Published on April 4th, 2016 | by Badkadi0
Not Breaking News: Sameera can’t sing.
Wallah bro, I was just having my green tea again and clicking through Facebook when I took a glimpse of this clip. I immediately sent a signal down to my finger to freeze the fuck up and not lose the sight of her face. My index finger froze over the mouse click as I stared at her face in a state of sadness as I could not understand why she is star on this show when she can’t sing?
Song starts @ 0:31 seconds and she misses to sync with the beat. lol
I stared at the screen as my finger was flickering and itching to press the play button, but I kept declining its request to proceed as I kept thinking about going to sleep depressed or not. The struggle was real and I commanded the finger to proceed with the click. The disappointment did not disappoint.
It occurred to me that this show is like a grad school for Afghan female singers. They MUST go through this show to make it to Tajikistan next. Except a few that probably couldn’t get a role in the show, all the other talent less singers have hosted this show. Since others have moved on to the next stage and there was nobody else to throw in the pit surrounded by hungry males, they decided to bring this “kelown” to the show so we can listen to her lip-sync for FUCK’S SAKE. FUCCCK!
Now, There is no doubt that Sameera can’t sing worth shit(sorry for your feelings). She has proven it before where she tried to sing live a few famous songs but instead murdered the songs and made the artists roll in their graves like a hotdog over a fire pit .repeatedly.
Then she started lip-syncing, even at her ‘concert’ where 10 people showed up. I can bring out more people for wings night than she could for her concert lol. She got caught turning on and off the microphone and you would think that she had learned her lesson and moved on…. NAKHAIR! Watch her sync, Watch her NAY NAY. (pun intended)

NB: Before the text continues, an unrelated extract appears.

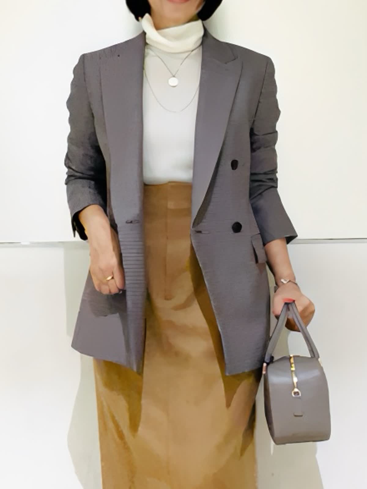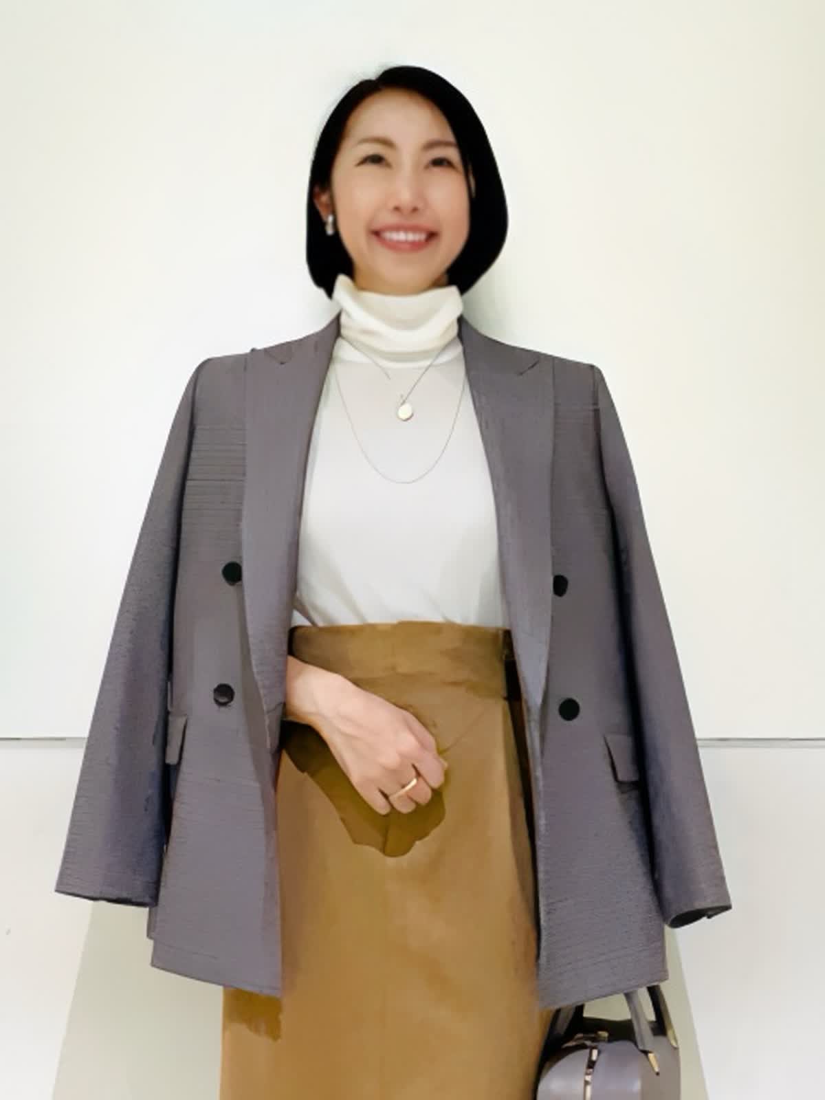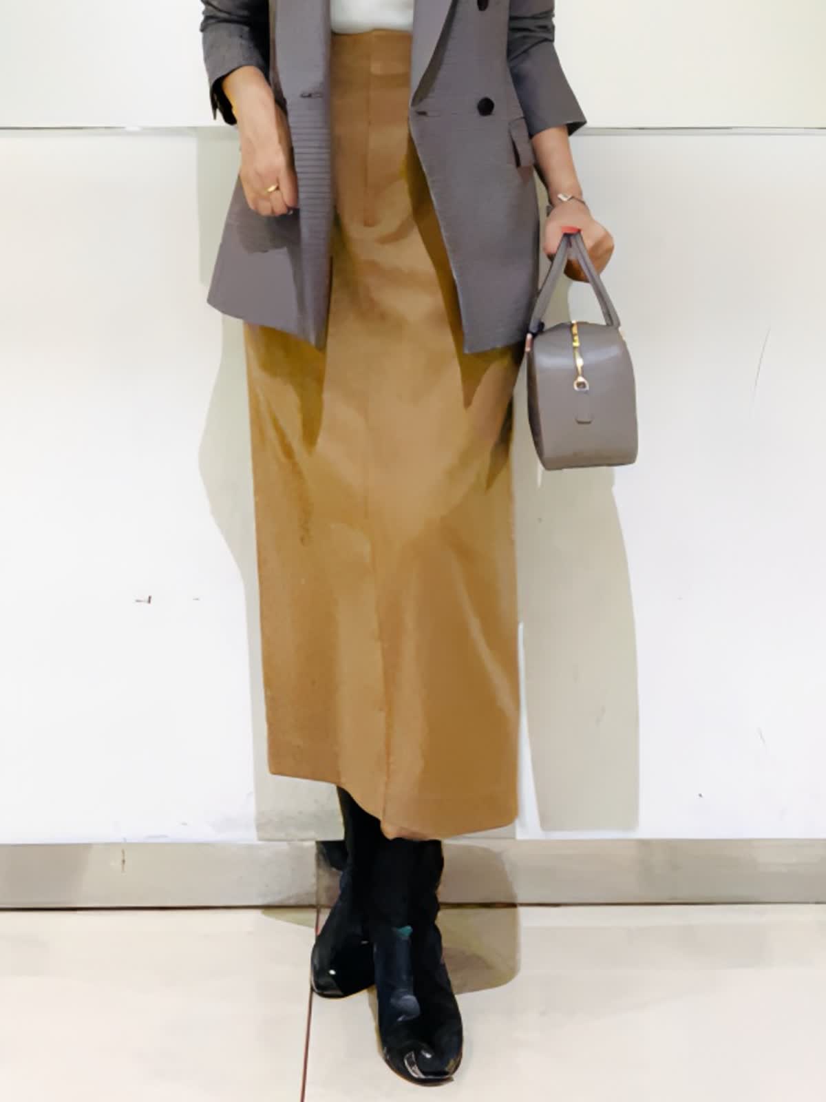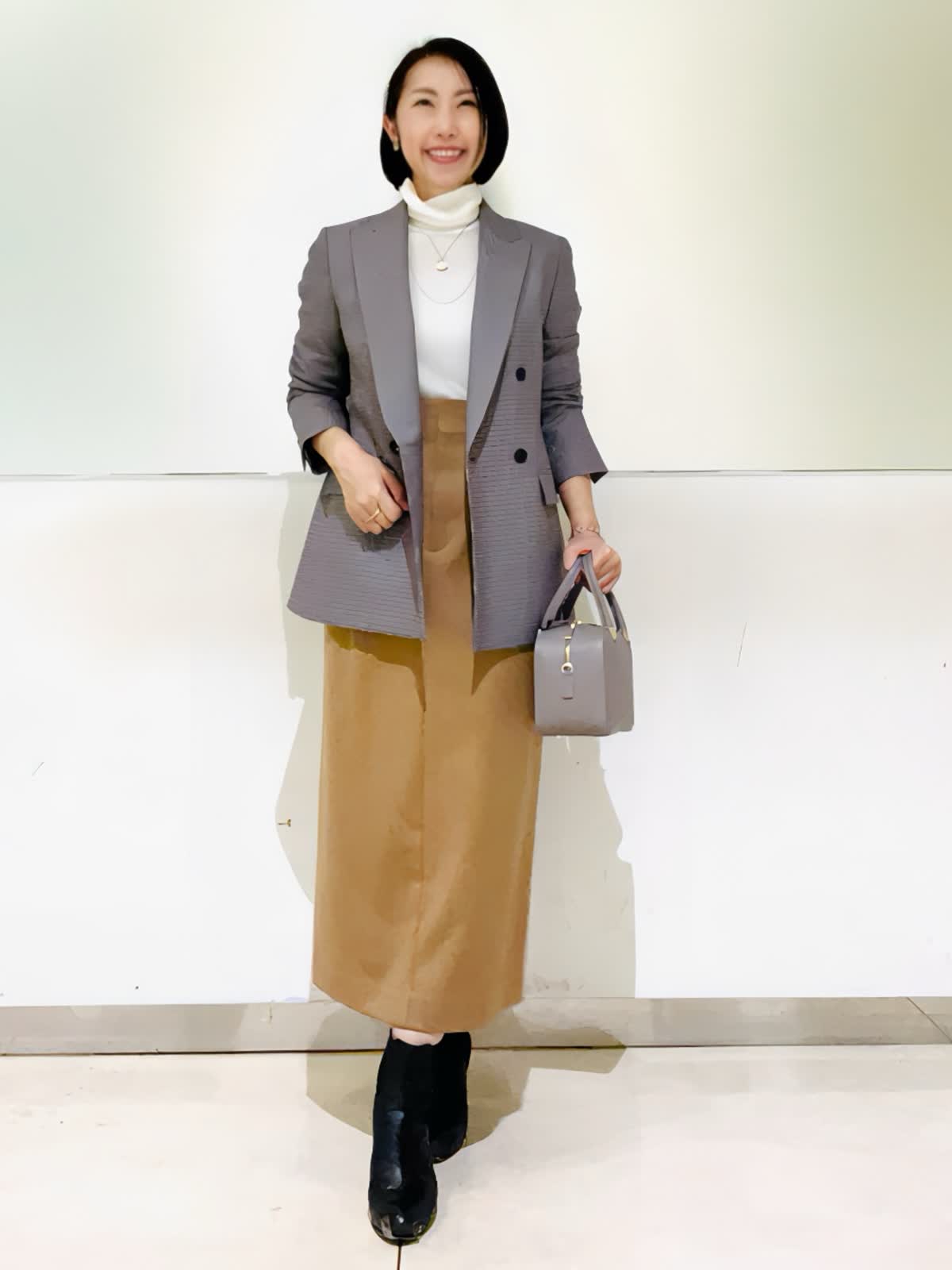 【着用アイテム】すべて9号 【着用カラー】ジャケット:グレンチェック ニット:グレーベージュ スカート:キャメル オフィスカジュアルにも使えるコーディネート。グレンチェックのジャケットは羽織るだけでおしゃれな雰囲気。きちんと感も出るのでオフィスにもおすすめです。合わせたタイトスカートは光沢のあるキャメルが上品な雰囲気。体のラインが出過ぎない絶妙なシルエットです。

Truth be told, she can’t sing… ooohh hooo singing live a kho bon! To make you guys understand what she sound to me, imagine me holding an “aftawa” and then singing in it and whatever sound comes out of the “nool e aftawa” is what she sounds like to my ears.
Anyways, If you watch this video, you might think that ‘alright, she sucks’ but; what If I told you that my laser beam eyes caught her lip-syncing at 0:31 seconds? If she sounds like this pre-recorded, imagine if she sang live? But thank the lord that she doesn’t cause the lord has mercy for the dead.